Des mots sur l'horreur
"Je viens de retrouver ces mots écrits au lendemain du 14 juillet 2016... J'ignorais alors qu'ils seraient de nouveau aussi actuels à l'approche de Noël.
Si je décide de les offrir aujourd'hui à tous ceux qui voudront bien les lire, c'est parce que je continue quoi qu'il advienne à croire que la lumière de la vie reste la plus forte et parce que plus que jamais, le monde a besoin de la lumière que chacun d'entre nous peut lui apporter à sa façon..."
Mes mots poursuivront leur route vers la vie.
Ils s'en iront vers l'espoir.
Ils continueront leur chemin vers l'amour.
Mes mots s'élèveront vers le ciel comme une prière.
Comme une supplique.
Ils formeront dans l'azur qui les accueille un arc en ciel.

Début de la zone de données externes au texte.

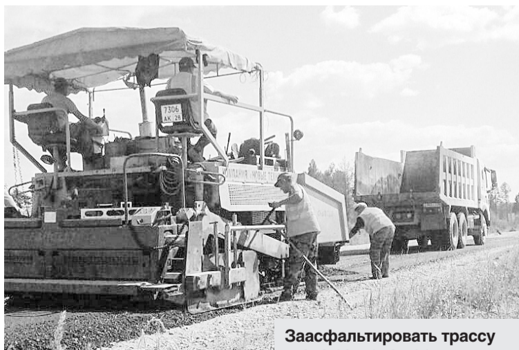
Заасфальтировать трассу глава региона поручил в прошлом году после встречи с жителями района.
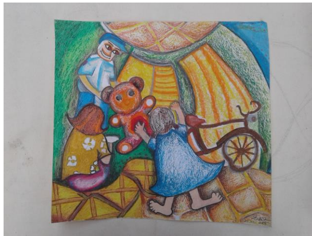
Judul karya: Hadiah dari bapak
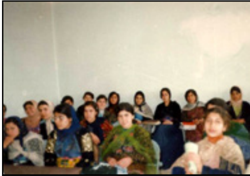
دانش‌آموزان دختر با معلم خود با لباس کردی در سر کلاس حاضر می‌شوند. دبیرستان آزادی (کوثر)، سال ۱۳۵۸.
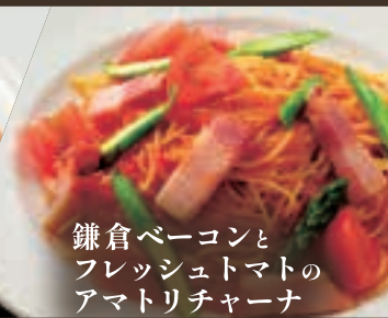
鎌倉ベーコンと フレッシュトマトの アマトリチャーナ
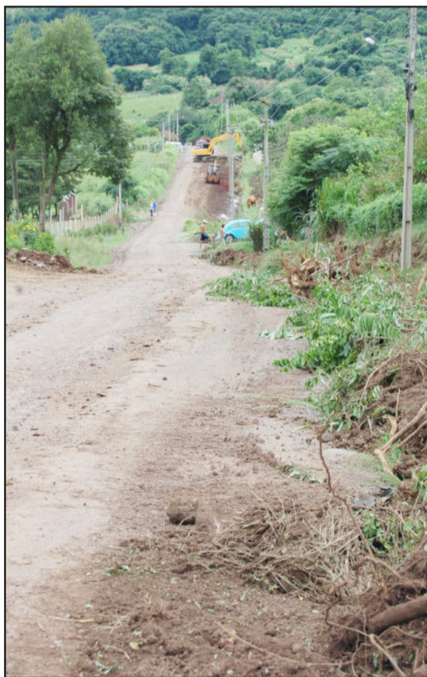
Início com limpeza das valetas
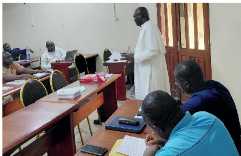
Être bien formé pour mieux accompagner
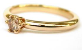
Bague de fiançailles : brillant rose.

« La plupart du temps, ce sont les diamants incolores qui sont demandés pour les bagues de fiançailles. Néanmoins, les clients qui souhaitent et un diamant et une touche de couleur pour leurs alliances sont enthousiasmés par la diversité de couleur des Diamants de Couleur Naturelle. »
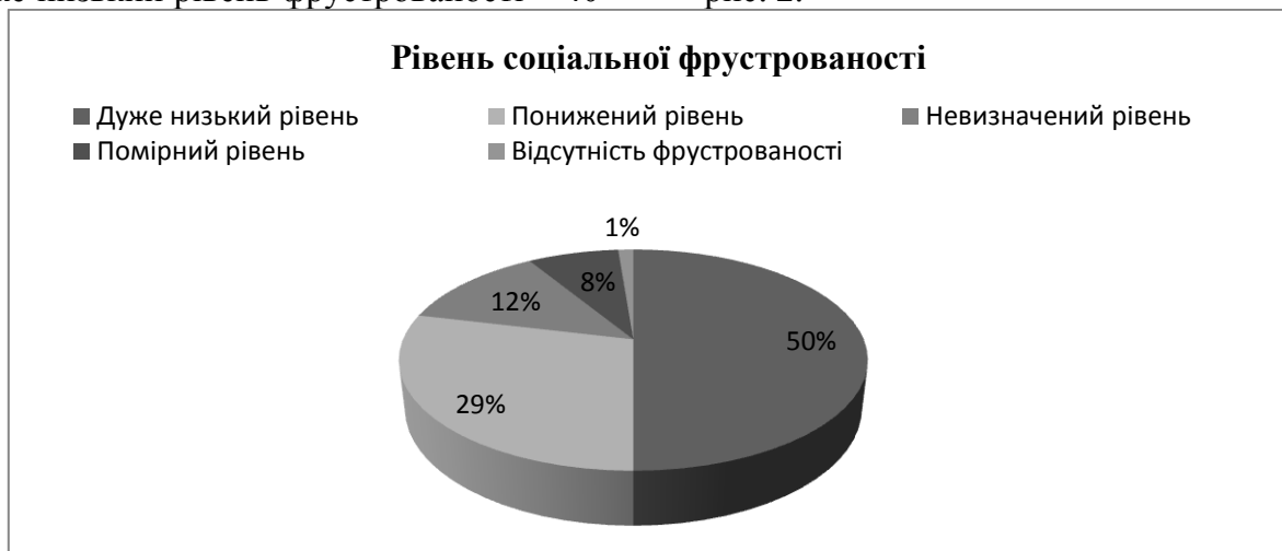
Рис. 2. Результати діагностики соціальної фрустрованості

осіб (50%); понижений рівень фрустрованості – 23 особи (29%); невизначений рівень – 10 осіб (12%); помірний рівень – 6 осіб (8%); у однієї особи відсутня фрустрованість (1%). Результати діагностики представлені на рис. 2.
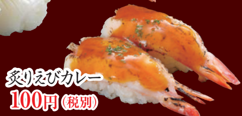
炙りえびカレー 100円(税別)
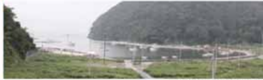
▲名振漁港全概(8月撮影)
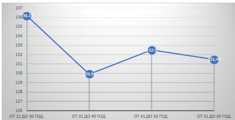
Графика №1: Представяне на динамиката на афективния аспект на удовлетвореността от съвместното съжителство спрямо възрастта

Разглеждайки Графика №1, където визуално представяме динамиката на удовлетвореността от афективния аспект на удовлетвореността от съвместното съжителство във възрастов план, установяваме, че пика на удовлетвореността е във възрастовия диапазон от 21 до 30 години. След резкия спад в удовлетвореността от афективния аспект на удовлетвореността от съвместното съжителство във възрастовия диапазон от 31 до 40 години, следва леко покачване на стойностите в периода от 41 до 50 години и запазване на почти същите стойности на афективния аспект на удовлетвореността от съвместното съжителство във следващия възрастов период от 51 до 60 години.
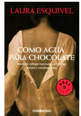
Como agua para chocolate de Laura Esquivel

John permaneció a su lado y fue testigo de cómo pasó Tita de las lágrimas a las sonrisas.
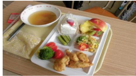
ラーメンも人気がありました☆
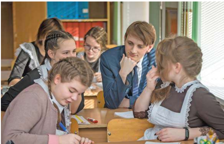
Урок обществознания в 10-м «Б» классе

Ольга МУШТАЕВА » ТЕКСТ

Pour que mes mots restent à jamais des mots de
VIE.
Des mots sur l’horreur




Aujourd'hui, je veux déposer des mots sur l'horreur. Parce que je n'ai rien d'autre à offrir. Parce que les mots sont la seule chose qui me vient. La seule issue possible. Parce qu'ils sont ce qui me constitue. Ils sont le carburant qui me permet d'avancer. Aujourd'hui, je veux les déposer sur la mort des innocents, enfants ou adultes. Tout comme j'ai d'autres fois déposé des roses sur des cercueils. Pour une dernière offrande.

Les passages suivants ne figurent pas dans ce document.